# Metrolink Derailment 2/10/15



## Blackwolf (Feb 10, 2015)

Was finishing up dinner a short while ago when my phone rang. Seems a good friend of mine was riding Metrolink train #906 and heading home when it derailed just outside of LAUS. Nothing major, but three cars left the tracks as they were transiting through several switches. All cars remained upright with no injuries, and passengers were told to wait until emergency personnel arrived before being allowed to exit the train and walk along the tracks back to LAUS.

KTLA is reporting about it here:

http://ktla.com/2015/02/10/train-derails-at-union-station-in-downtown-los-angeles/







LAUS is currently closed for all arriving and departing Metrolink and Amtrak trains, due to this train blocking all access in and out of the station, according to my buddy.

Not a good night to be commuting by rail in LA!


----------



## KmH (Feb 10, 2015)

Whoopsie!


----------



## Bob Dylan (Feb 10, 2015)

Looks like they got it cleared up fast! # 4 left on time (6:15pm) and #11 is shown running on time for a 900pm arrival into LAX!!

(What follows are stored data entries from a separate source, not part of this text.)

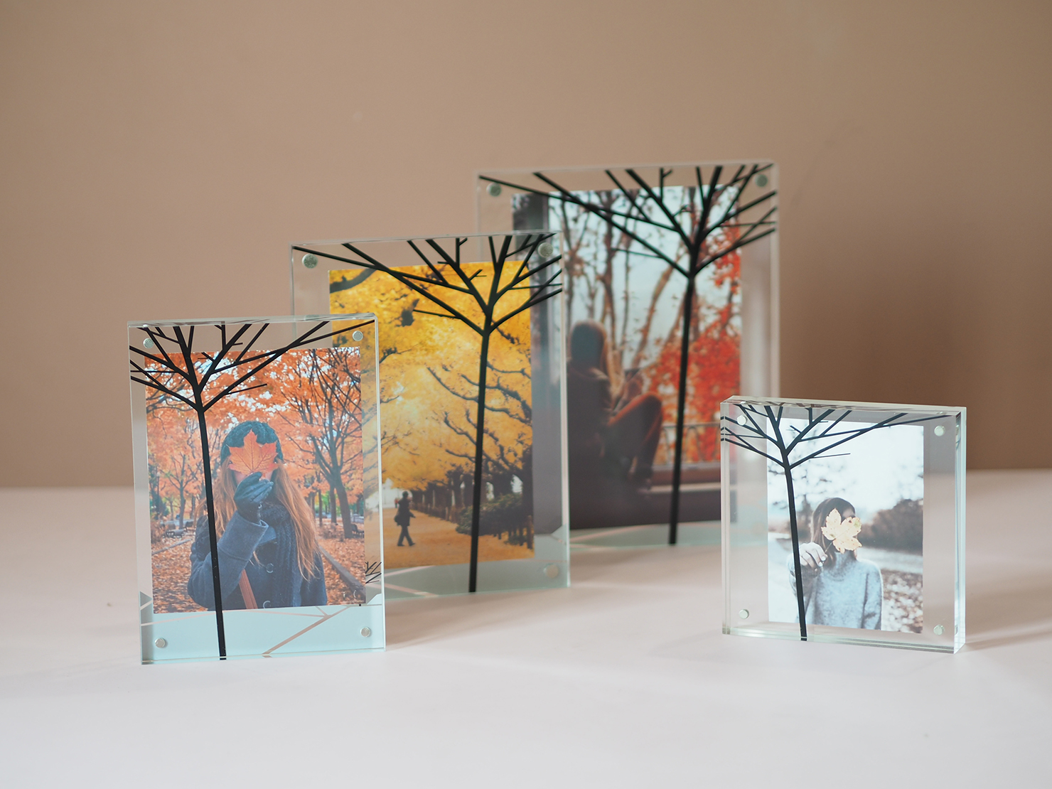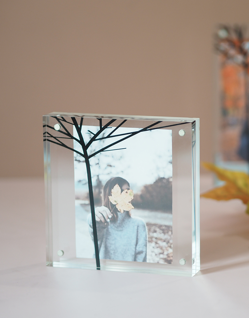 Magnetic photo frame tree printing on clear acrylic.
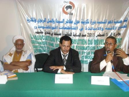 نظمت جمعية دعم التنمية "ASD" ورشة تحسيسية حول السيدا والسل الرئوي و الملاريا وكذا حقوق المرأة والطفل يومي 4- 5 بفندق حليمة، لصالح أئمة و أساتذة ثانويين من مقاطعات نواكشوط التسع ومقاطعات ترارزة الست.
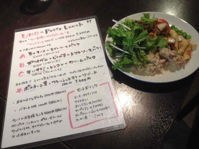 日曜日でしたがランチメニューもありました メニューはこちら パスタ サラダビュッフェ ドリンク がついて 1200円 平日限定メニューもあるようなので今度はそちらも試してみたいですね!
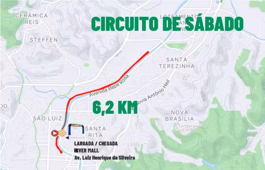 A largada é feita na margem esquerda da avenida Beira Rio, nos fundos River Mall, próximo ao Toolbox Bar. Os ciclistas pedalam rumo à chamada ponte dos Bombeiros. Antes da saída para a rua Carlos Gracher, é dada meia-volta, com o trajeto se estendendo até cerca de 700 metros antes da ponte João Libério Benvenutti, a Ponte da Bilu. Com o retorno neste ponto, uma volta se completa no River Mall. São 6,2km ao todo.
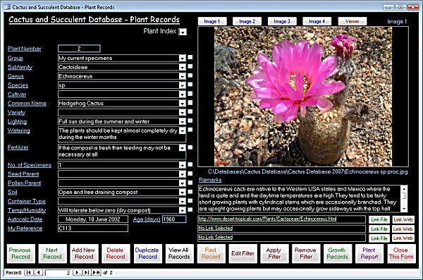 Cactus database on CDROM
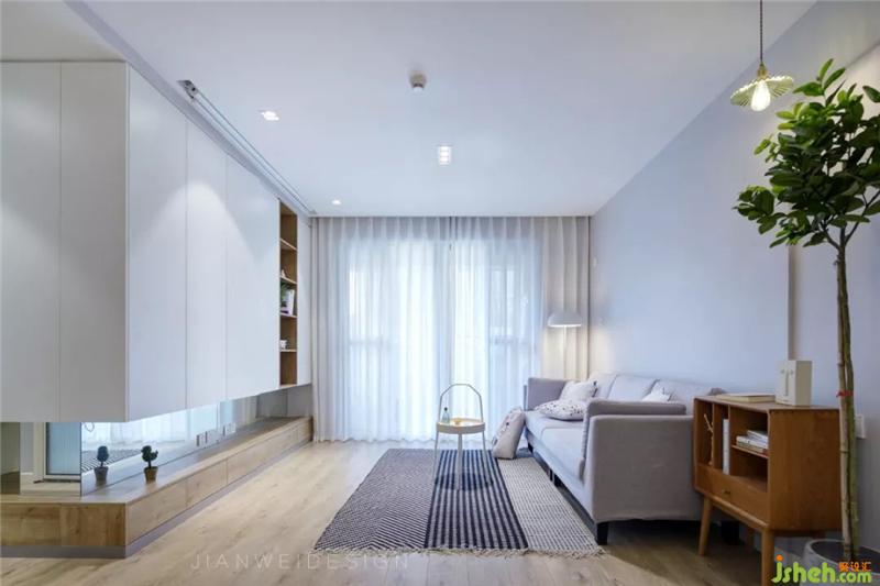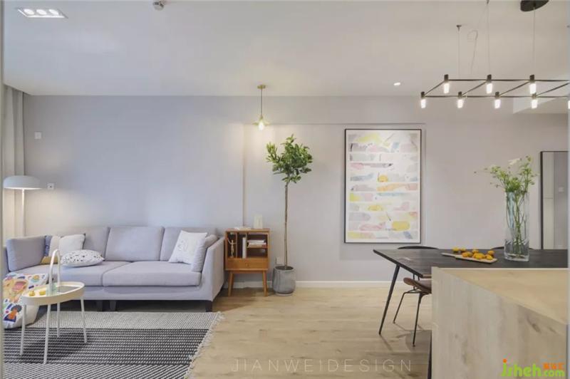 女屋主是理科高材生,男屋主是金融類從業(yè)者,希望新家溫馨、素凈、淡雅,但不要過(guò)多污染硬裝,傾向于環(huán)保而又有設(shè)計(jì)感的家。設(shè)計(jì)師選用了飽和度低,視覺(jué)感受更加柔和的莫蘭迪色,能給人以極溫柔的精神慰藉。
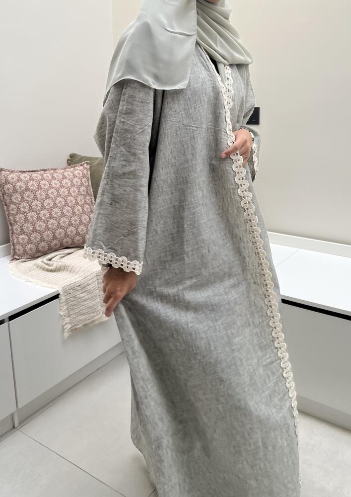 عباية قصة نص بشت .. لينن باللون البيج و الاخضر المائل للرمادي ..

The tracks around LAX and in the yards can be rough riding, not sure about the switches?


----------



## TinCan782 (Feb 10, 2015)

I departed LAUS on Metrolink 121 at 6PM...went right by there. This was arriving train 906 and would have turned to be 119 which is my normal train.


----------



## seat38a (Feb 15, 2015)

Not to sidetrack from the derailment, but will we ever see a consist that is ALL the new Rotem or all BB? It seems its always some jumble together mess.


----------



## Fan Railer (Mar 16, 2015)

seat38a said:


> Not to sidetrack from the derailment, but will we ever see a consist that is ALL the new Rotem or all BB? It seems its always some jumble together mess.


There will never be a solid BB consist again. There will only be a solid Rotem consist if the remaining BB bike cars are replaced by Rotem Bike cars (would need a specialized design due to Rotem claiming the seats on the current cars are part of the CEM design).


----------